Архиепископ уже опаздывал, но он считал, что не может отказать в просьбе этому темному, угнетенному и подавленному сознанием своих грехов существу, как не мог бы отказать Смерти, явись она сейчас в проеме двери его кабинета.
— Слушаю вас, брат, — сказал Фидель.
Опустив на пол свою небольшую ручную кладь, архиепископ посторонился, пропуская послушника в свой кабинет. Фидель собирался уже закрыть
— Мы здесь одни? — зорко оглядываясь вокруг, спросил Непрощенный.
— Да. Я забыл мой требник, и брат Петр пошел за ним. Он будет ждать меня возле космического корабля…
Послушник кивнул, вошел в кабинет и остановился в молчаливом ожидании, снова спрятав руки в рукавах своей сутаны. Фидель закрыл дверь и вернулся к своему столу.
— Прошу вас, садитесь, брат, — сказал архиепископ.
— У нас нет времени, Ваше преосвященство, — сказал послушник.
Фидель встревожился, словно ожидал вестей о какой-то ужасной катастрофе.
— В чем дело, брат, что случилось?
Послушник не ответил на этот вопрос. Он, казалось, задался целью не тратить попусту ни единого слова. Он сказал только:
— Вы должны взять меня с собой, Ваше преосвященство.
Аббат Фидель пришел в замешательство.
— Брат, — сказал он, стараясь смягчить свой отказ. — Как-нибудь в другой раз… Я, конечно, был бы рад лететь вместе с вами, но я должен осуществить эту миссию в условиях полной секретности… и я…
— Я знаю этот секрет, Ваше преосвященство, — сказал послушник, понизив голос, и плечи его опустились, как будто на них легла тяжелая ноша. — Я знаю, куда и зачем вы летите.
— Этого не может быть! — возразил архиепископ.
— Вас просили как можно скорее прибыть в госпиталь Святой Магдалены на планете в Центральной Системе. Их настоятельница лично вышли с вами на связь и убедила вас, что дело это крайне срочное и секретное. И что никто не должен знать о нем и о том, куда и зачем вы летите.

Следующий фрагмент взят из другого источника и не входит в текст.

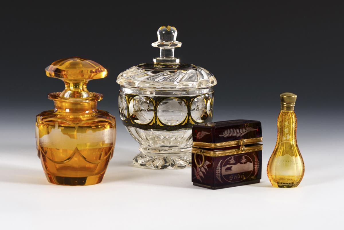 1x Dose aus farblosem, teils gelb gebeiztem Glas mit Facetten- und Linsenschliff sowie gravierten Rheinansichten (H 15,5 cm). / 1x sechsfach facettierter Flakon aus farblosem, gelb gebeiztem Glas mit gravierten Rheinansichten (H 13 cm). / 1x kleine rechteckige Dose aus farblosem, rot gebeiztem Glas mit Ansichten der Sächsischen Schweiz (H 6,5 cm). / 1x kleiner Flakon aus farblosem, gelb gebeiztem Glas mit Baden-Ansicht (L 10 cm). Innenrand des Dosendeckels mit kleinen Bestoßungen, beschliffene Bestoßung am Rand eines Flakons, Metallmontierung am Fuß der Dose fehlt.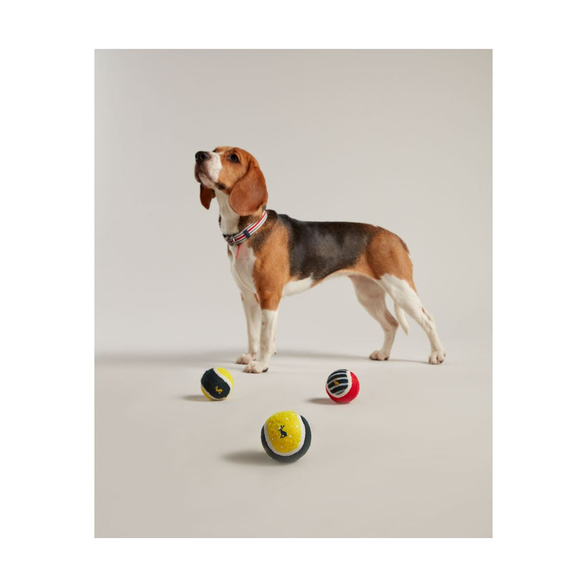 Three strong and durable rubber balls perfect for endless games of fetch. This contains three different ball designs and includes hanging net bag with the Iconic Joules Coastal design.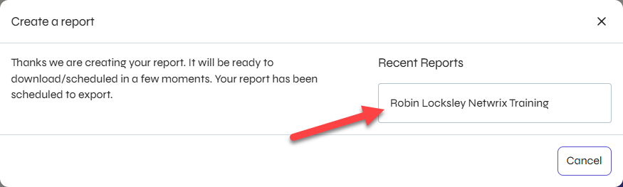 Once the report has finished processing, you will need to click the Recent Report link to download it.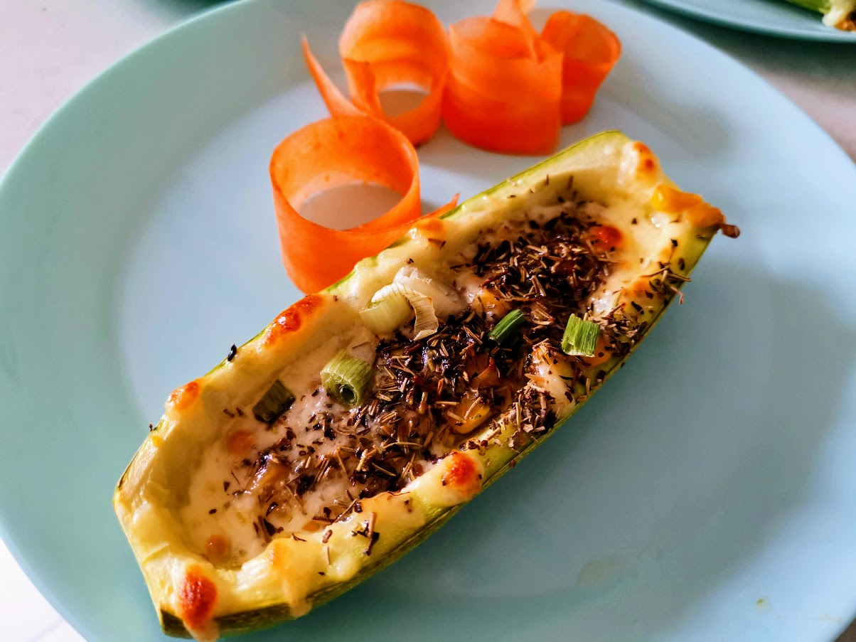 Asta e o rețetă cu gust de vară. Se face super repede, iar dacă și copiii voștri sunt fani boabe de porumb la fel ca ai mei, se vor bucura nespus să găsească micile surprize ascunse sub păturica de mozzarela. Noi am folosit des această rețetă ca garnitură pentru carnea gătită la slow cooker, însă puteți folosi dovleceii umpluți ca masă de sine stătătoare și sunt și hrănitori și ușor de luat la pachet, pentru drumeții.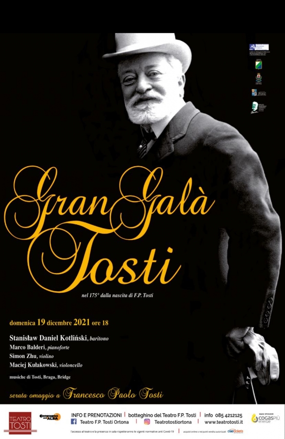 Si svolgerà domenica 19 dicembre 2021 alle ore 18.00, presso il teatro F.P.Tosti, il Gran Galà Tosti, concerto promosso dall’Istituto Nazionale Tostiano.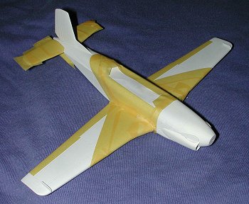 panels and wing walk areas. In fact, as you can see from the photo at the head of the article, there are a few more parts to do. This includes the leading edges of all the flight surfaces and the engine intakes. This meant more laborious masking (see image to the right). I didn't do the wing walk areas as I felt these might be better done with black stripe decals than paint. As usual, two hours of masking was followed by two minutes of painting. The results can be seen to the left.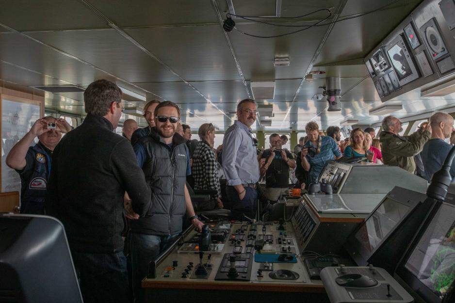 MOSAiC Team members celebrating on the bridge of the Polarstern after reaching the North Pole. (Source: Courtesy Lianna Nixon)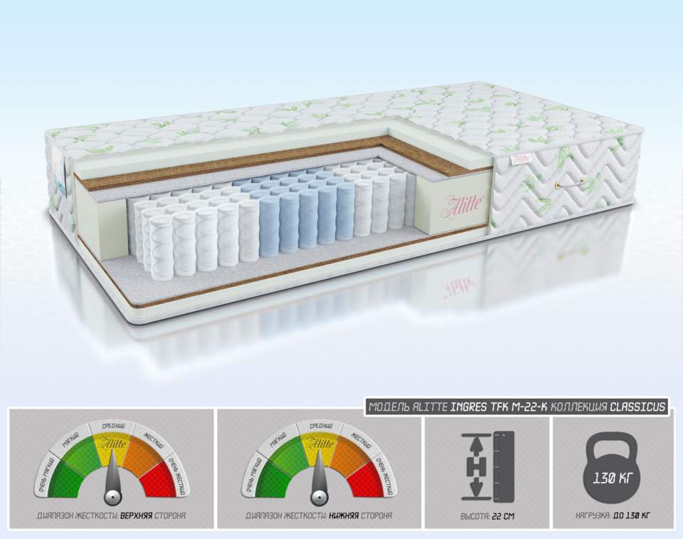 Акция от магазина "TOP-MATRAS.RU" — официального диллера фабрики Alitte в Москве и по всей России: скидка 50% на Матрас Alitte Ingres TFK M-22-K.

— Но как же вы узнали об этом? — спросил Фидель, чрезвычайно удивленный как осведомленностью послушника, так и той невозмутимостью, с которой тот признавался в знании тайны.

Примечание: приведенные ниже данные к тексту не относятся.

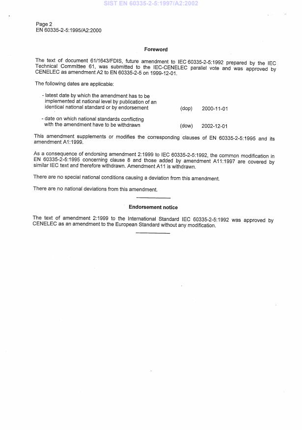 EN following parallel vote * Replaces A11 * Superseded by EN 60335-2-5:2003
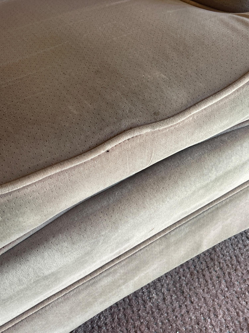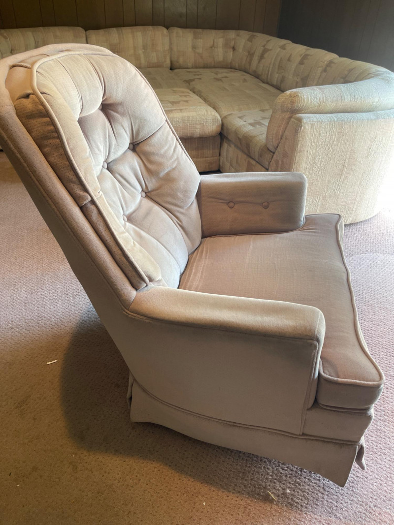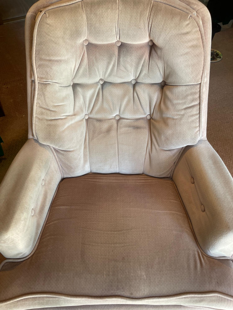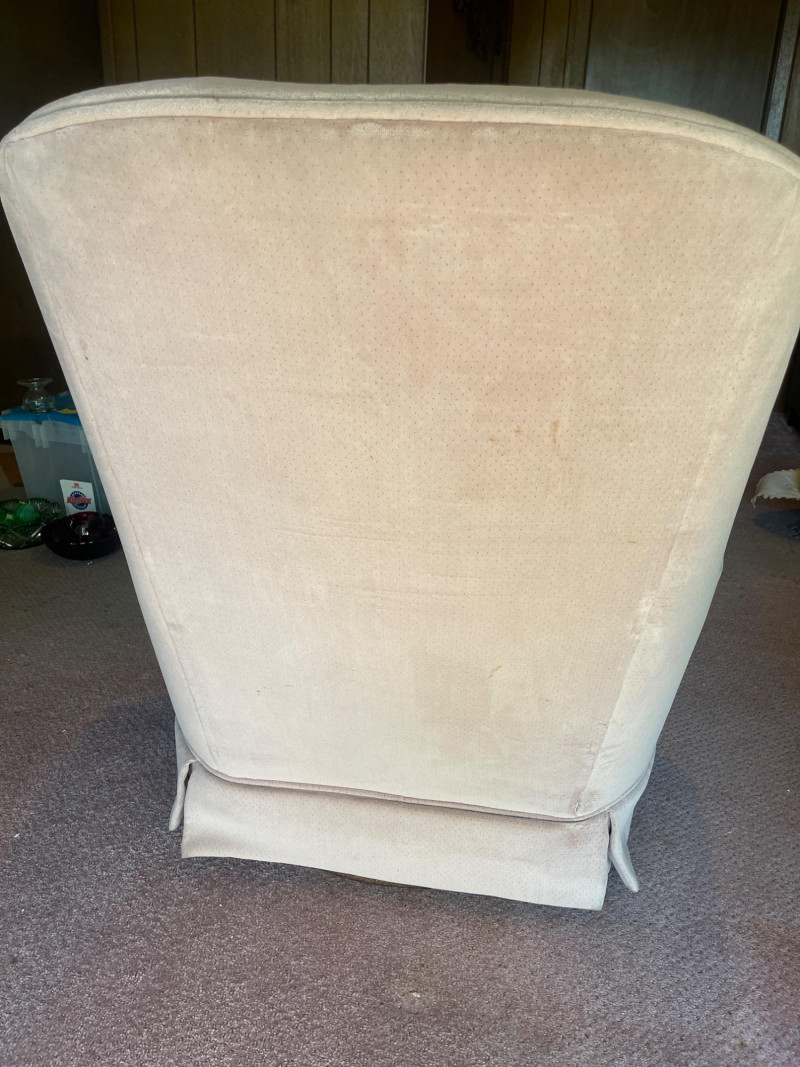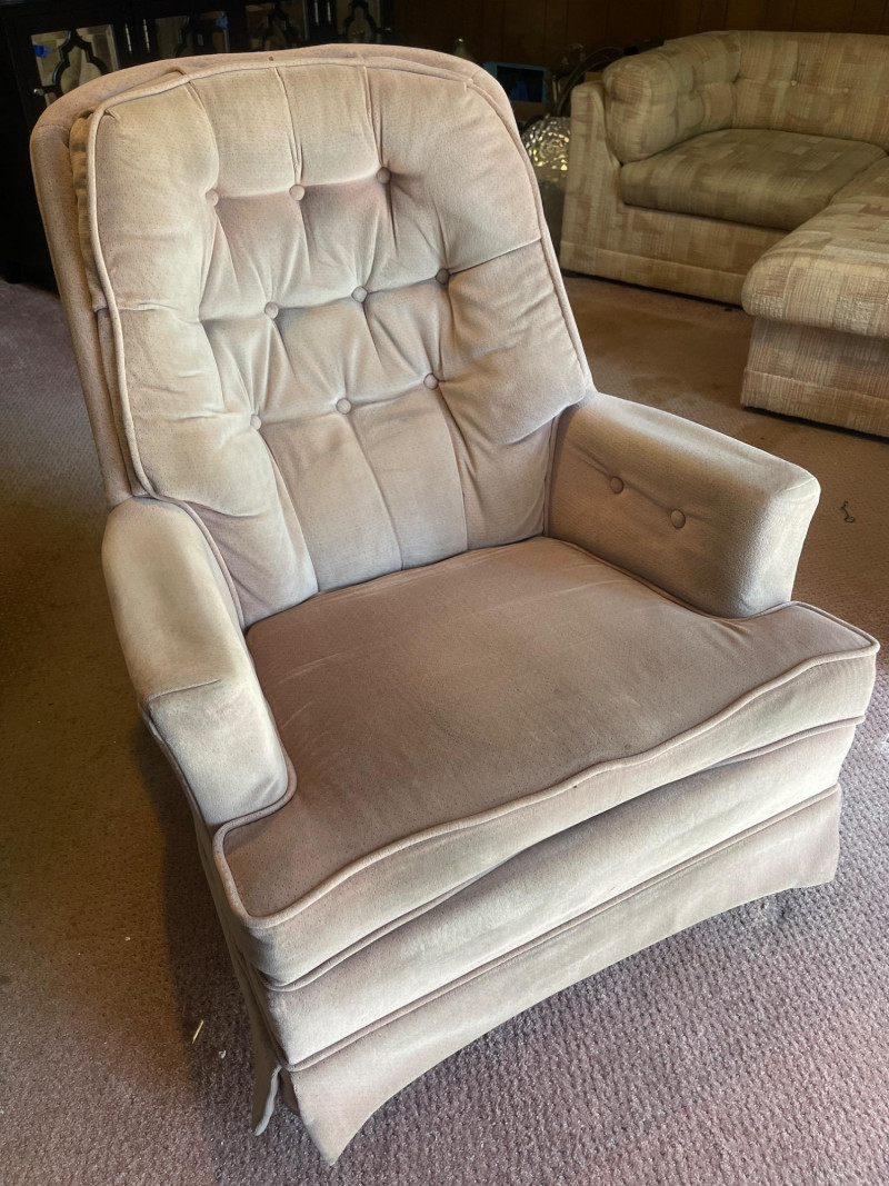 Vintage Velvet Swivel Armchair – Tufted Back, Well-Worn Character Add a touch of vintage charm and comfort to your space with this classic velvet swivel chair. Featuring a high tufted back, padded arms, and a soft, rounded silhouette, it’s a piece built for cozy lounging with retro flair. Dimensions: 30” W x 28” D x 36” H Details: Swivel base for easy movement Tufted backrest with classic mid-century styling Velvety upholstery in a soft beige/taupe tone Cushioned arms and seat for added comfort Condition: Perfect for:

И снова слова с трудом срывались с уст Непрощенного.
— Ну, скажем, Бог открыл мне тайну…
— Бог? — спросил Фидель, с недоумением замечая, что человек, которому неведомы были нерешительность и колебания, теперь испытывает их, возможно, впервые в своей жизни.
Послушник выпростал из рукава сутаны руку и медленно поднял капюшон, не сводя глаз с архиепископа. Глубокие морщины на его лице казались похожими на рубцы и шрамы. Черные волосы с проседью, прямые и длинные, спутанными прядями опускались до самых плеч. Горестная складка тонких губ и глаза, прежде всего — глаза этого человека приковали к себе внимание Фиделя и заставили его сердце сжаться от боли. Эти глаза казались пустыми и непроглядно темными. Архиепископ помнил их полными огня и жизни.
— Пусть будет так: Господь Бог открыл мне эту тайну, — просто сказал послушник.
Весьма озадаченный, архиепископ Фидель пристально смотрел на стоящего перед ним человека. Его преосвященству вдруг стало страшно. Он сам не знал, кого или чего он боится, но от этого было еще хуже. Фидель был не робкого десятка. Еще когда он служил санитаром на военном корабле, то снискал всеобщее уважение за смелость и находчивость, проявленные под огнем неприятеля. Сейчас обстоятельства принуждали его, как никогда еще прежде, принимать трудные решения, решения, от которых зависели жизнь или смерть.